Pain, sleep disturbance, and fatigue in patients with cancer: using a mediation model to test a symptom cluster

TLDR
Mediation analyses indicate that pain influences fatigue directly as well as indirectly by its effect on sleep, and strategies to improve sleep by better pain management may contribute to decreased fatigue.
Abstract
Purpose/Objectives: To test whether sleep disturbance mediates the effect of pain on fatigue. Design: Cross-sectional Setting: Radiation therapy clinic, oncology ambulatory clinic, and inpatient oncology unit in an urban teaching hospital. Sample: 84 patients with cancer with multiple primary diagnoses who were experiencing pain. Fifty-three percent were female and 92% were Caucasian, with a mean age of 54 years.
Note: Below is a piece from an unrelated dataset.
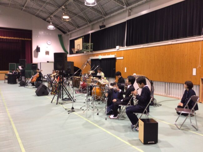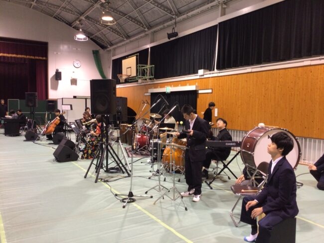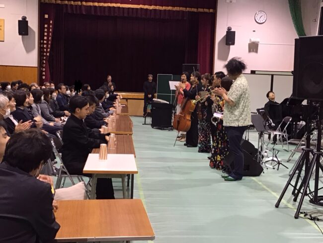 そして、ピアノ、チェロ、バイオリン、トランペット、サックス、パーカッションで、たくさんの曲を披露してくださいました。生徒からのリクエスト「赤いスイトピー」「2億4千万の瞳」も届けてくださり、会場はおおいに盛り上がりました。1番の盛り上がりを見せたのは、本校の児童生徒とのコラボ演奏です。藤井風の「きらり」、B’zの「兵、走る」の演奏、最後は小鳩文化事業団の演奏に合わせて、全員で校歌を歌いました。プロの演奏家と本校の児童生徒のコラボは見応え聴き応えが存分にあり、心が震わされるものでした。子どもたちが心から楽しそうに担当の楽器を演奏し、それがプロの演奏の音色と重なり、さらに楽しさに磨きがかかり、子どもたちが心から満足している様子が私たちの心に響きました。
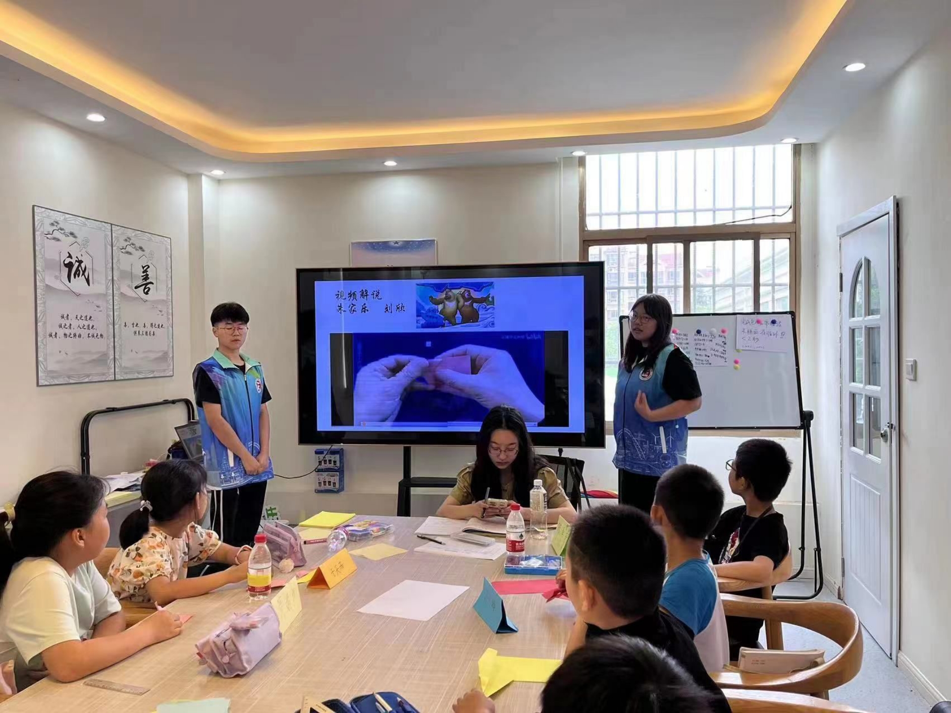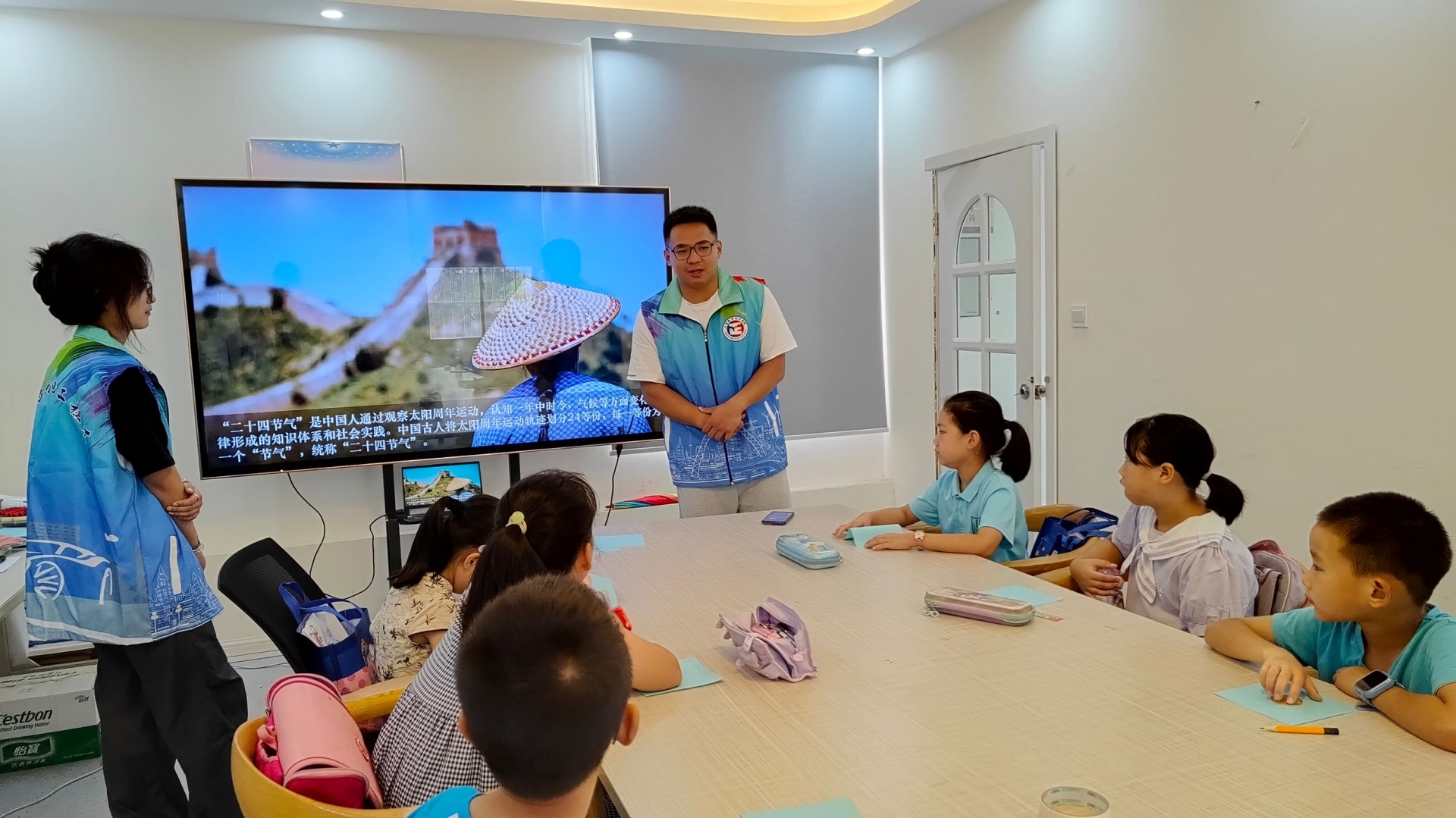 课堂上,志愿者们先为小朋友们讲解暑期安全注意事项,希望大家可以度过一个快乐安全的假期。课中通过认识二十四节气,小朋友们了解到地球自转、四季变化以及农事节令制定,深入了解每个节气的特点和习俗。在问答环节中,小朋友们仔细寻找藏在古诗词里的二十四节气,了解到二十四节气是中华民族传统文化的重要组成部分,也是中华民族智慧的结晶。

Methods: All participants completed a symptom questionnaire that included the brief pain inventory – short form, the Pittsburgh Sleep Quality Index, and the fatigue subscale of the Profile of Mood States questionnaire. Multistage linear regression was used to test a mediation model. Main Research Variables: Fatigue, pain, and sleep disturbance. Findings: Mediation analyses indicate that pain influences fatigue directly as well as indirectly by its effect on sleep. About 20% (adjusted R2 = 0.20) of the variation in fatigue is explained by pain. Thirty-five percent of the variance in fatigue explained by pain was accounted for by the mediation pathway. Conclusions: Some of the effect of pain on fatigue is mediated by sleep disturbance, but pain has a direct effect on fatigue as well. Implications for Nursing: Although the relationship can be explained only partially by the commonsense point of view that people who are in pain lose sleep and naturally report more fatigue, this finding is important and leads to a potential intervention opportunity. Strategies to improve sleep by better pain management may contribute to decreased fatigue.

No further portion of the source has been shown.